▶ **Supplied data**:
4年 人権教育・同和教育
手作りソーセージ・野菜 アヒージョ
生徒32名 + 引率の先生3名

* * *

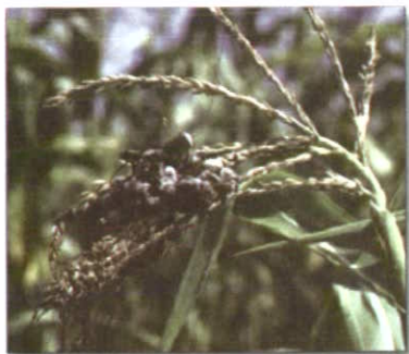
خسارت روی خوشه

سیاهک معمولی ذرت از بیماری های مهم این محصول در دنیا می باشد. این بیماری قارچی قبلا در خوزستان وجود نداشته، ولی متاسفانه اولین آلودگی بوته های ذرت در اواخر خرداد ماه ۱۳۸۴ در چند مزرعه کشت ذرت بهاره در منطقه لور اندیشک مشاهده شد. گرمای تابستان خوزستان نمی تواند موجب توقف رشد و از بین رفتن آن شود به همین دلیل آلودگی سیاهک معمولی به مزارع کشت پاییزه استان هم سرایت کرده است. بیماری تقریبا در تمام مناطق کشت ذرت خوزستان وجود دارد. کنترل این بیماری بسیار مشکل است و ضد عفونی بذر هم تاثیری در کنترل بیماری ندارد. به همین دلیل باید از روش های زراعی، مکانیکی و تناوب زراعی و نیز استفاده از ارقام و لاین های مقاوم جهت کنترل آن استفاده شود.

▶ **What to work on**:
All that belongs in your answer is the stretch of entries above from the line with "خسارت روی خوشه" through the line with "سیاهک معمولی ذرت", printed exactly.

▶ **Solution for this task**:
خسارت روی خوشه

سیاهک معمولی ذرت از بیماری های مهم این محصول در دنیا می باشد. این بیماری قارچی قبلا در خوزستان وجود نداشته، ولی متاسفانه اولین آلودگی بوته های ذرت در اواخر خرداد ماه ۱۳۸۴ در چند مزرعه کشت ذرت بهاره در منطقه لور اندیشک مشاهده شد. گرمای تابستان خوزستان نمی تواند موجب توقف رشد و از بین رفتن آن شود به همین دلیل آلودگی سیاهک معمولی به مزارع کشت پاییزه استان هم سرایت کرده است. بیماری تقریبا در تمام مناطق کشت ذرت خوزستان وجود دارد. کنترل این بیماری بسیار مشکل است و ضد عفونی بذر هم تاثیری در کنترل بیماری ندارد. به همین دلیل باید از روش های زراعی، مکانیکی و تناوب زراعی و نیز استفاده از ارقام و لاین های مقاوم جهت کنترل آن استفاده شود.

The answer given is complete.